=== DATASET RECORDS ===
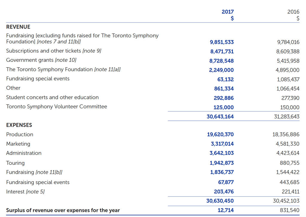 The TSO’s annual 2016/17 report shows a telling age of anxiety for Toronto’s premiere orchestra. After an analysis of a drastically different annual report format, which reads like a cross between an article and a concert program, we’ve decoded the accountant jargon to what we believe is an accurate picture of the TSO at their fiscal year-end on June 30, 2017.
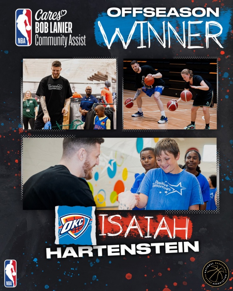 NBA官方:雷霆中锋哈尔滕施泰因获得休赛期鲍勃-兰尼尔社区关怀奖
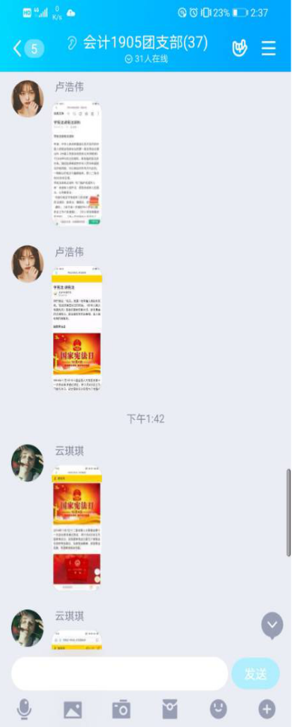 一、学习宪法知识,提高宪法意识。各团支部前期积极筹备团课材料,以不同的形式开展此次团课,其中,会计1903团支部由团支书马如意为大家简单介绍了:“中华人民共和国宪法是中华人民共和国全国人民代表大会制定和颁布的国家根本大法,规定国家的根本制度和根本任务,公民的基本权利和义务,国家机构的组织原则和职权。宪法具有最高的法律效力,一切法律、法规都必须依据宪法,都不得同宪法相抵触。”然后播放了一个视频给大家深入介绍了宪法的内容以及作用。期间,同学们表现积极,认真观看了视频,反响良好。注会1902班团支部组织团体学生积极学习新中国宪法的发展历程、宪法的意义、宪法的作用等有关宪法的知识。“宪法是我国的根本法,是治国安邦的总章程”。宪法在根本上和宏观上确定着控制国家权力的基本原则、基本制度和基本方法。而宪法确定这些基本原则、基本制度和基本方法的最高价值是维护人的尊严,可以说,宪法所确定的基本原则、基本制度和基本方法都是围绕着如何更好地维护人的尊严而展开的。一切国家权力均来源于宪法并受制于宪法,宪法不仅控制着整个国家权力,而且国家权力之组成部分的立法权、行政权和司法权的运行和展开,守法是青年学生健康成长的需要,不仅要学习宪法知识,提高宪法意识。
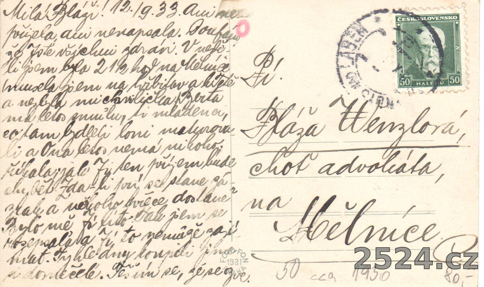 Popis: prošlá 1933; Obecná a měšťanská škola
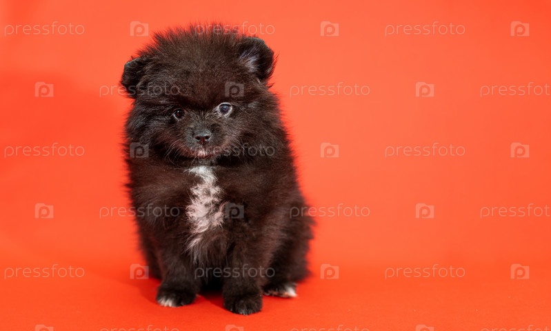 Милый маленький щенок померанского шпица сидит на красном фоне. Пушистый щенок
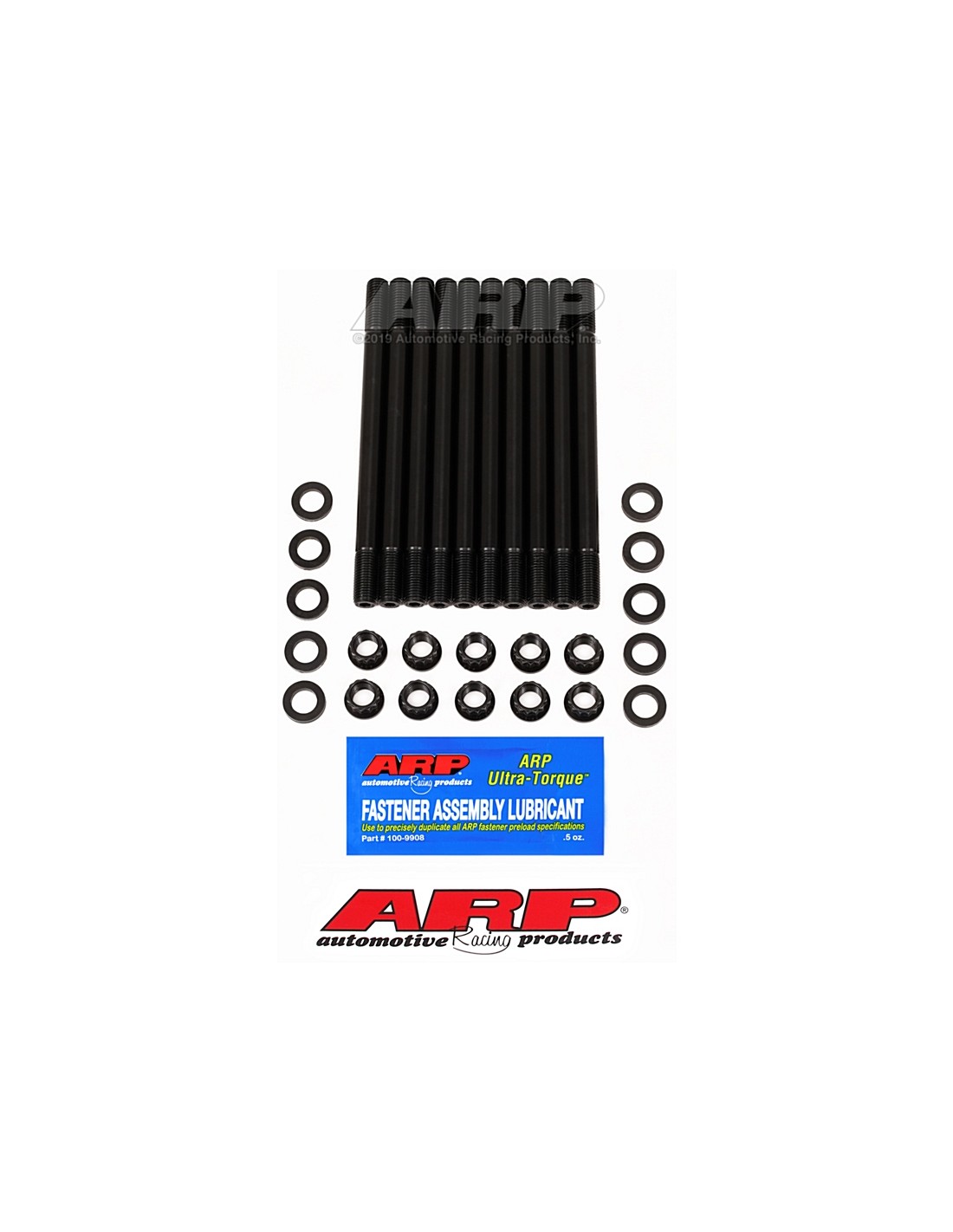 ARP main studs are manufactured from 8740 chrome moly steel, heat-treated to 200,000 psi tensile strength, and precision J-form threads rollad after heat-treat to create a fastener that has threads 2000% stronger than others. Reduce crankshaft flex and main cap fretting with these premium quality main studs. Don't settle for anything less than the best! Main Studs Key Features: •Premium grade 8740 chrome moly steel •200,000 psi tensile strength •J-form rolled threads •Come with parallel washers and nuts All kits come complete with hardened parallel-ground washers and aerospace quality nuts.
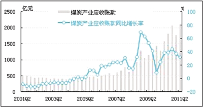 2011年二季度末,煤炭产业应收账款为2099.8亿元,同比增长31.8%,同比增速比上季度回落5.2个百分点。经计算,二季度煤炭产业应收账款周转天数由上季度的24.1天减少至本季度的22.8天,这表明煤炭企业的现金回流速度有所加快,资金流动性有所改善。
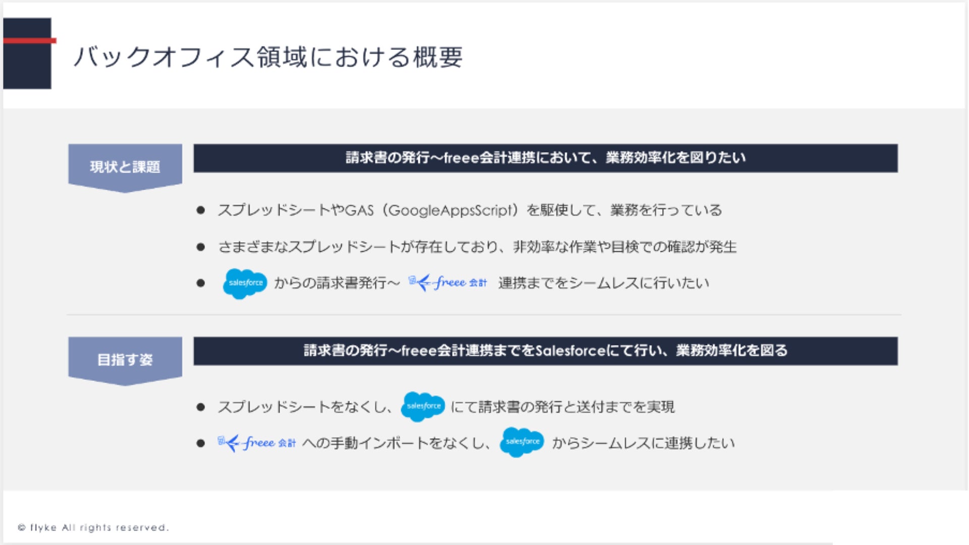 【当初の課題】 ・請求書発行などを処理するオペレーションが増え、人を投下しないと処理しきれない状態 ・Salesforceのライセンス付与に制約があり、全社員が情報にアクセスできず、それによりライセンスを持っている上長と部下間で、コミュニケーションエラーが発生 ・部署ごとに使用するツールが異なるため、ツール同士の連携が部分最適に |
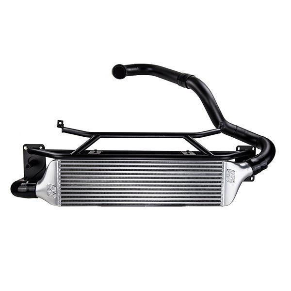 The TurboXS 2015+ Subaru WRX FMIC Kit might be the single best modification you can do to your 2015+ WRX. One of the biggest keys to making consistent power in a 2015+ WRX is managing the intake manifold temperature. This is an issue when the WRX is bone stock and becomes an even bigger issue when you start to modify it. The stock top mount intercooler simply isn¡¯t up to the task. After just a few minutes of hard driving, the small, overworked TMIC quickly becomes heat soaked. Intake manifold temperatures rise quickly and power output drops off even more quickly. The power drop is not just due to the hotter, less dense air coming out of the intercooler but also because the WRX ECU logic will actually start to reduce ignition timing as intake manifold temperatures climb. Reduced ignition time directly reduced power output. You could replace the stock TMIC with an well-designed aftermarket TMIC. While they are certainly much better than the stock TMIC, our testing shows that even they can only delay the inevitable intake manifold temperature increase that comes from having a small intercooler core sitting inside a hot engine bay.
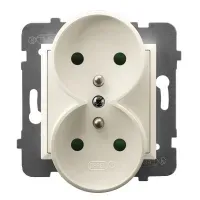 ARIA Gniazdo podwójne z uziemieniem z przesłonami torów prądowych, moduł bez ramki, kolor: ECRU, 16A/250~, IP-20, do ramek linii Prestige
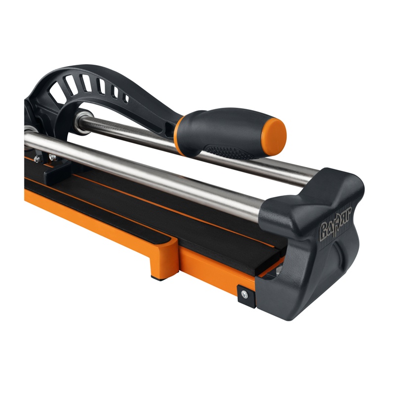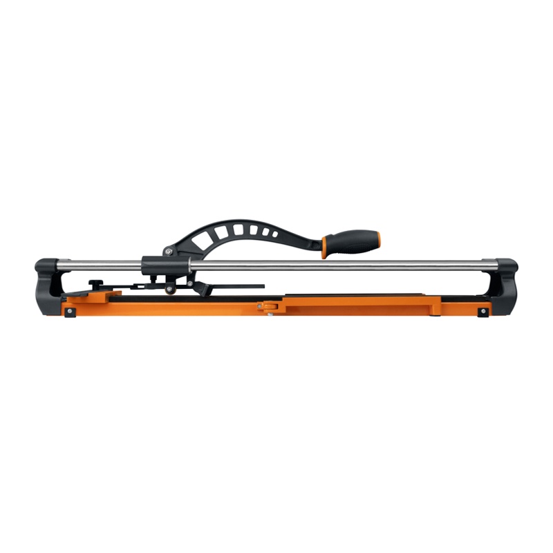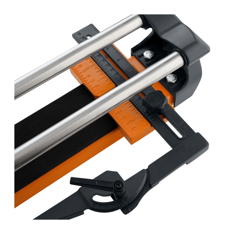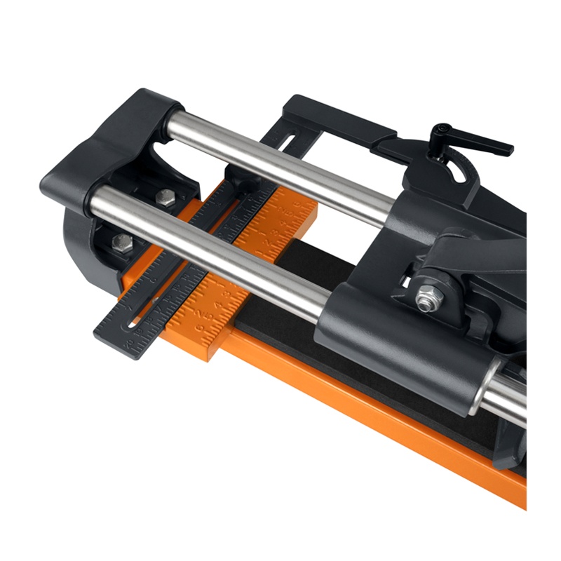 приводящих к неровному резу. Рабочий стол с боковыми упорами позволяет резать плитку до 660 мм. Твердосплавный режущий ролик на основе карбида вольфрама ВК8 обеспечивает рез плитки толщиной до 14 мм. Вращающаяся линейка с системой быстрой фиксации для реза под любым углом. Сменный ролик - арт. 55187.
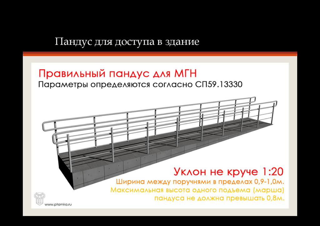 возможностями доступность и комфортное передвижение в современных зданиях и сооружениях • Предполагает организацию удобного расположения входных групп, коридоров, основных функциональных зон, путей передвижения инвалидов • Предполагает интеграцию специализированного оборудования и материалов, требуемых для применения маломобильными группами населения

=== AIM OF THE TASK ===
Among the entries above, take the line with "Милый маленький щенок", the line with "ARP main studs", and all the lines between them, and restate them word for word without pictures.

=== COMPLETED EXERCISE ===
 Милый маленький щенок померанского шпица сидит на красном фоне. Пушистый щенок
 ARP main studs are manufactured from 8740 chrome moly steel, heat-treated to 200,000 psi tensile strength, and precision J-form threads rollad after heat-treat to create a fastener that has threads 2000% stronger than others. Reduce crankshaft flex and main cap fretting with these premium quality main studs. Don't settle for anything less than the best! Main Studs Key Features: •Premium grade 8740 chrome moly steel •200,000 psi tensile strength •J-form rolled threads •Come with parallel washers and nuts All kits come complete with hardened parallel-ground washers and aerospace quality nuts.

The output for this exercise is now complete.